In a phone interview about Cindy Parlow Cone’s appointment as the Portland Thorns FC head coach, former U.S. women’s national team head coach Tony DiCicco also discussed one specific aspect of the National Women’s Soccer League: its substitution rules.
“I would like to see them do what we did in the WUSA, which was four plus one,” he said.
DiCicco coached the U.S. women from 1994 to 1999, leading them to their historic FIFA Women’s World Cup victory in 1999. He was the founding commissioner of WUSA, and he coached the Boston Breakers of WPS.
In WUSA, similar to the early days of Major League Soccer, teams were allowed four substitutions of field players and one goalkeeper substitution. The reason the rule went away in MLS — which used a three-plus-one restriction — was teams would use that goalkeeper sub to get a fourth field-player change.
MLS teams often had their goalkeeper switch positions with a field player momentarily, sub out the goalkeeper and then have the original goalkeeper swap positions with the sub. In WUSA, however, teams had to designate which player on the bench would be the substitute goalkeeper, and only that player could enter in goal.
“It’s all for player development,” DiCicco said. “We did it in WUSA; it worked out great. For whatever reason, we weren’t allowed to do in in the WPS.”
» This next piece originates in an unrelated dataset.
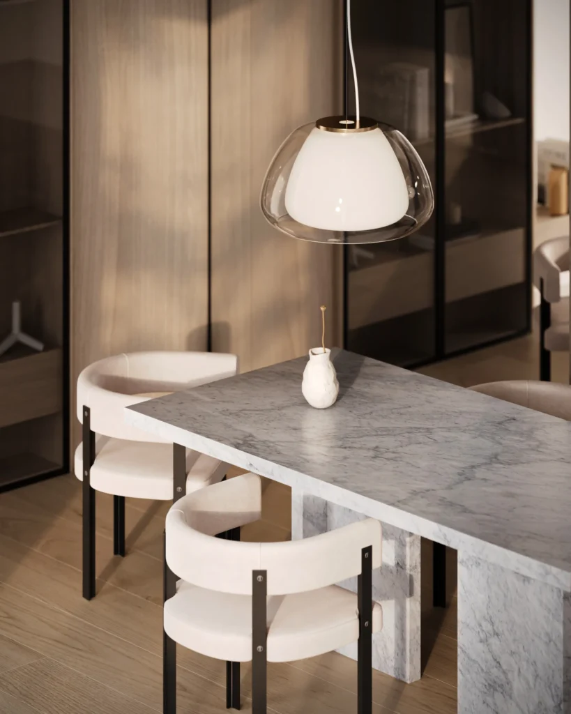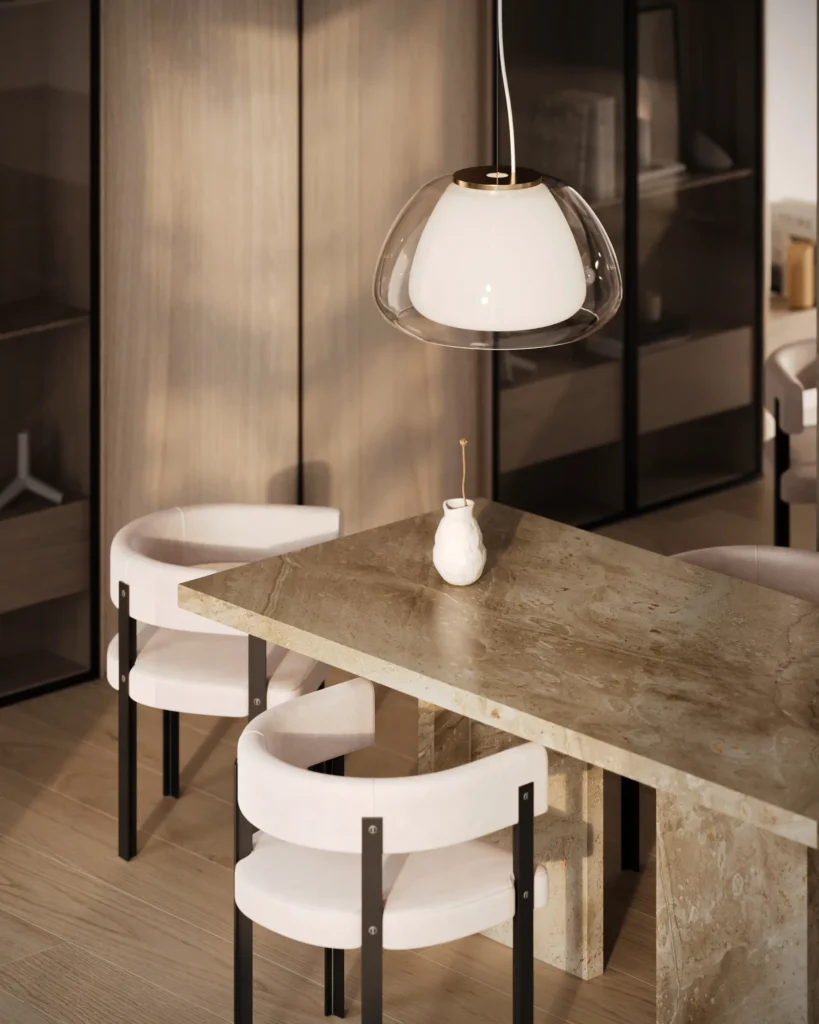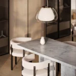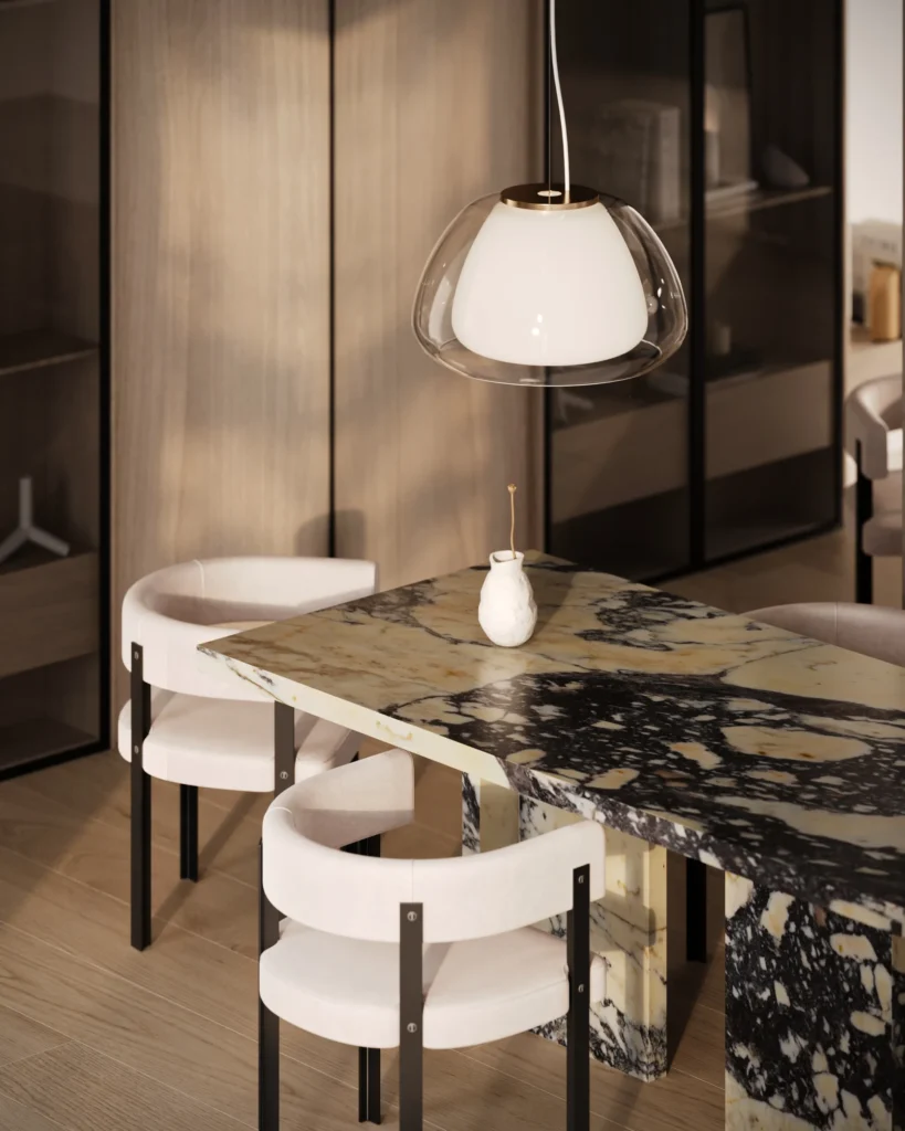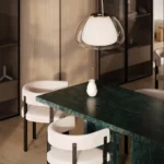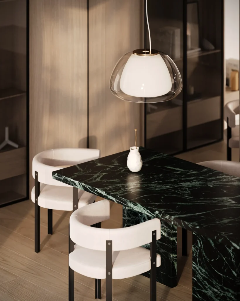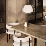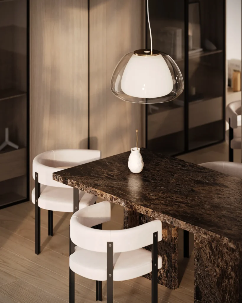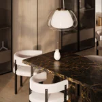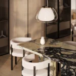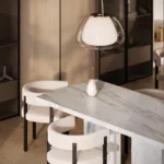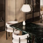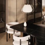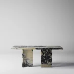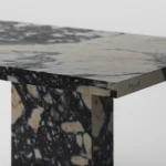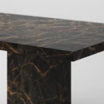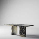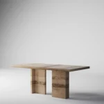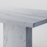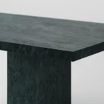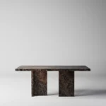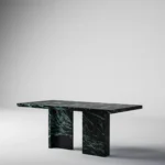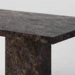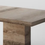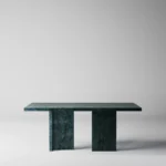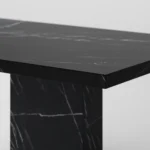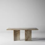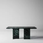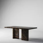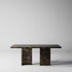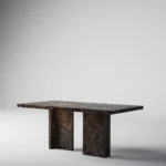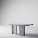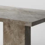 Trpezarijski sto Bordo se odlikuje jednostavnim, ali snažnim dizajnom. Dupla konstrukcija, koja se sastoji od masivnih vertikalnih nogu, osigurava stabilnost i dugotrajan kvalitet. Ploča stola je izrađena u ravnom obliku, što je čini minimalističkom i modernom, a istovremeno pruža dovoljno prostora za udoban obrok ili okupljanje. Kombinacija prirodnog kamena i čistih linija čini ovaj sto savršenim dodatkom za svaki enterijer, unoseći sofisticiranost i elegantan šarm.

WPS had a three-player substitution rule, in accordance with FIFA bylaws. This is the standard substitution limit in professional leagues around the world.
DiCicco said his ideal substitution rule would allow coaches to get more players experience, and it would make it easier to deal with national team call-ups and injuries than if the league institutes the standard three substitutions per game rule.
“In the college game, you can get players minutes (and) kind of keep a bigger bench happy,” he said, specifically referring to Parlow Cone’s transition from coaching in the NCAA to NWSL.
By NCAA regulations, substitutions are unlimited, except players cannot re-enter the game in the first half; they may re-enter once in the second half and in overtime. No professional leagues in the United States have those same rules, but the NCAA way does allow for more players to get playing time and develop in a competitive atmosphere.
While certain details on NWSL player allocation have started coming to light, the league is still a little way off from announcing rules and regulations for the upcoming inaugural season.